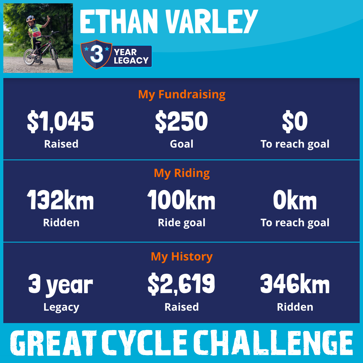 This is Ethan’s third year participating in the challenge. Last year, his goal was to ride 100km and fundraise $250. He finished the month riding 117km and fundraising $963!
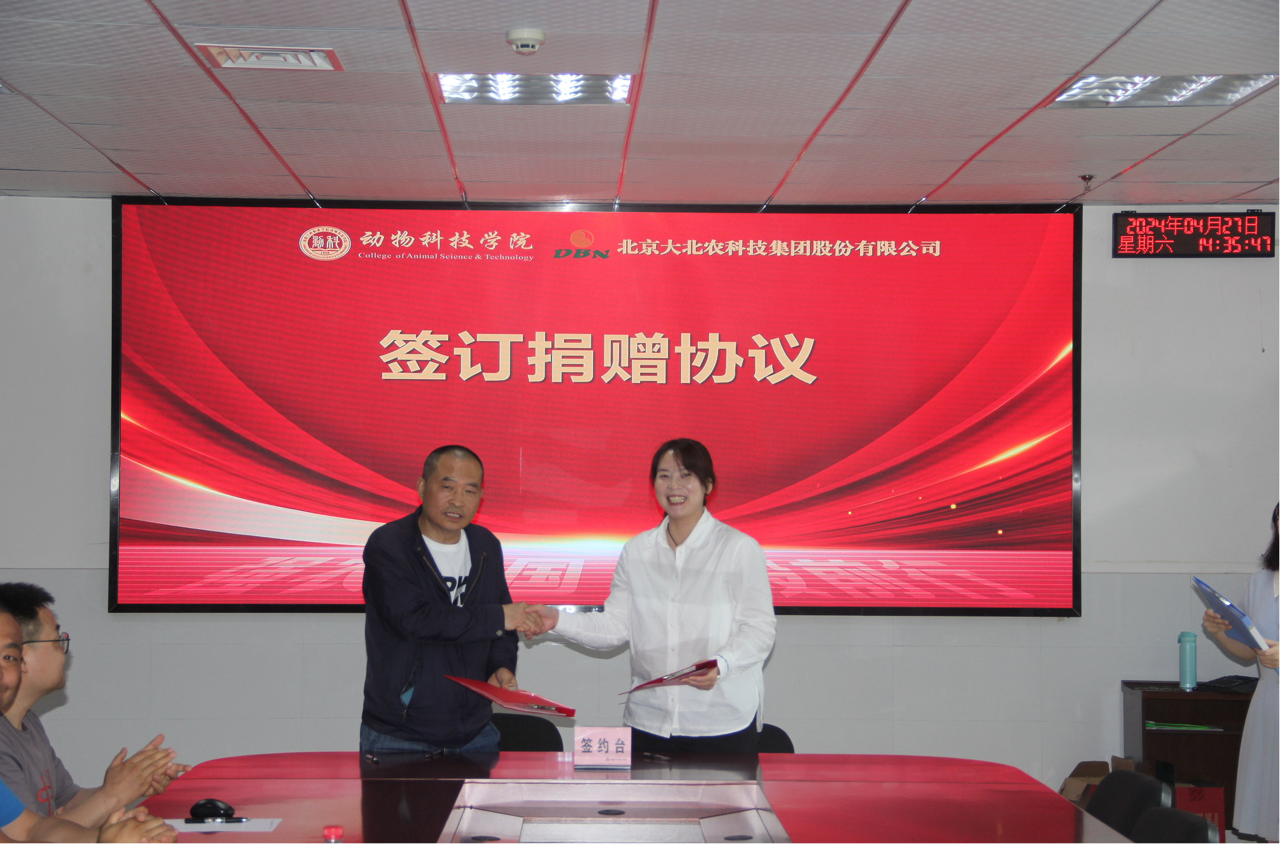 2024年4月27日下午,动物科技学院在现代畜牧大楼412会议室举行大北农励志奖学金捐赠暨颁奖仪式,大北农猪饲料集团重庆区创业人才总监方维维、大北农猪饲料集团重庆区招聘主管唐莹、动物科技学院党总支副书记李思琪、副院长向邦全、学工科长扎西丹珍,部分教师代表和获奖学生参加了本次会议。会议由动物科技学院教学干事龚伟主持。
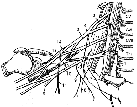 Рис. 134. Плечевое сплетение (схема): 1 — диафрагмальный нерв; 2 — дорсальный нерв лопатки; 3 — верхний ствол плечевого сплетения; 4 — средний ствол плечевого сплетения; 5 — подключичный ствол; 6 — нижний ствол, плечевого сплетения; 7 — добавочные диафрагмальные нервы; 8 — длинный грудной нерв; 9 — медиальный грудной нерв; 10 — латеральный грудной нерв; 11 — медиальный пучок; 12 — задний пучок; 13 — латеральный пучок; 14 — надлопаточный нерв В межлестничном промежутке передние ветви образуют три ствола — верхний, средний и нижний. Эти стволы делятся на ряд ветвей и направляются в подмышечную ямку, где формируют три пучка (латеральный, медиальный и задний) и окружают подмышечную артерию с трех сторон. Стволы плечевого сплетения вместе с их ветвями, лежащими выше ключицы, называются надключичной частью, а с ветвями, лежащими ниже ключицы, — подключичной частью. Ветви, которые отходят от плечевого сплетения, делятся на короткие и длинные. Короткие ветви иннервируют главным образом кости и мягкие ткани плечевого пояса, длинные — свободную верхнюю конечность. В составе коротких ветвей плечевого сплетения находятся дорсальный нерв лопатки — иннервирует мышцу, поднимающую лопатку, большую и малую ромбовидные мышцы; длинный грудной нерв — переднюю зубчатую мышцу; подключичный — одноименную мышцу; надлопаточный — над- и полостную мышцы, капсулу плечевого сустава; подлопаточный— одноименную и большую круглую мышцы; грудо-спинной — широчайшую мышцу спины; латеральные и медиальные грудные нервы— одноименные мышцы; подмышечный нерв — дельтовидную и малую круглую мышцы, капсулу плечевого сустава, а также кожу верхних отделов боковой поверхности плеча. Длинные ветви плечевого сплетения берут начало от латерального, медиального и заднего пучков подключичной части плечевого сплетения (рис. 135, А, Б).
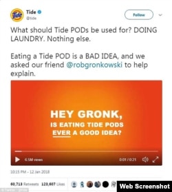Тоді й менеджери з комунікацій торгової марки Tide вирішили втрутитись та написали попередження про те, що капсули для прання використовувати потрібно лише для прання.
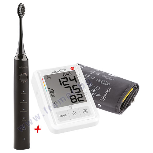 КОМПЛЕКТ ЕЛЕКТРОНЕН АПАРАТ ЗА ИЗМЕРВАНЕ НА КРЪВНО НАЛЯГАНЕ MICROLIFE BP B3 AFIB + ЗВУКОВА ЕЛЕКТРИЧЕСКА ЧЕТКА ЗА ЗЪБИ MICROLIFE CLEAN S5 ЧЕРНА
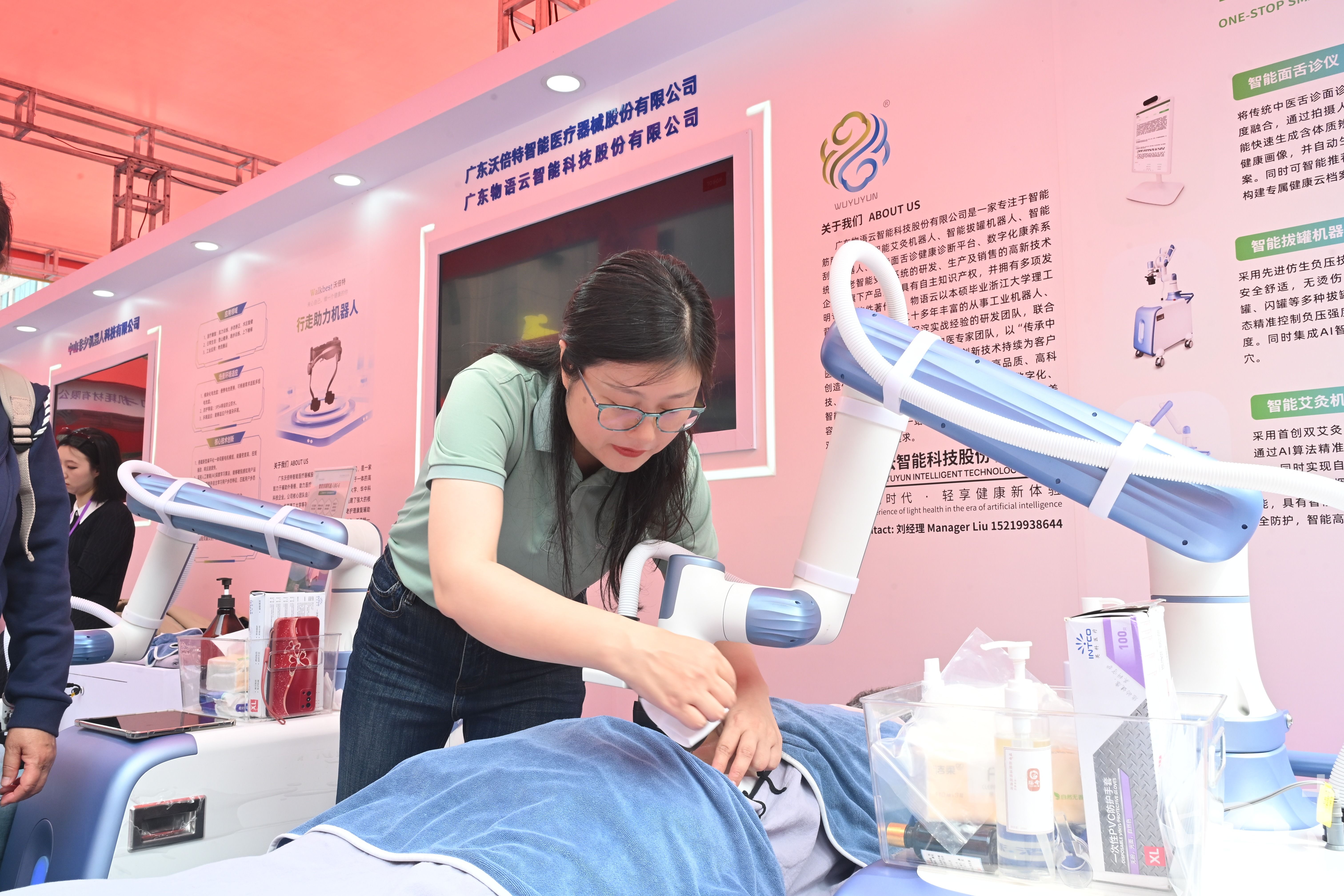物语云销售总监吴艳平介绍,企业专注研发生产智能中医机器人系列、数字化康养与安控系统,为康养行业提供一站式个性化方案。本次展会带来筋膜机器人、拔罐机器人等产品,让市民游客近距离感受“科技+中医”的创新魅力。
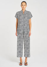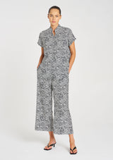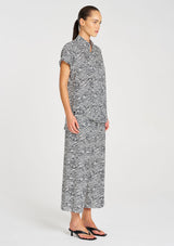 Crafted with Mela Purdie’s smooth fluid stretch Charmeuse fabrication in the classic geometrical Terrain Print. The Stand Shirt features a stand collar and a curved hemline. This is a timeless silhouette to wear day to night.
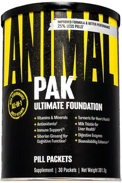 Animal Pak (30 Packs) este considerat „fundația” nutriției sportive încă din 1983. Acest complex legendar de tip „all-in-one” oferă peste 60 de ingrediente cheie – inclusiv vitamine, minerale, aminoacizi, antioxidanți și enzime digestive – într-un singur pachețel zilnic. Conceput special pentru culturiști și sportivi de rezistență, Animal Pak elimină carențele nutriționale și susține creșterea masei musculare, forța și recuperarea rapidă.
:::::
Only the lines from the start of the records through the line containing "2024年4月27日下午,动" should be repeated, word for word, with the pictures left out.

 This is Ethan’s third year participating in the challenge. Last year, his goal was to ride 100km and fundraise $250. He finished the month riding 117km and fundraising $963!
 2024年4月27日下午,动物科技学院在现代畜牧大楼412会议室举行大北农励志奖学金捐赠暨颁奖仪式,大北农猪饲料集团重庆区创业人才总监方维维、大北农猪饲料集团重庆区招聘主管唐莹、动物科技学院党总支副书记李思琪、副院长向邦全、学工科长扎西丹珍,部分教师代表和获奖学生参加了本次会议。会议由动物科技学院教学干事龚伟主持。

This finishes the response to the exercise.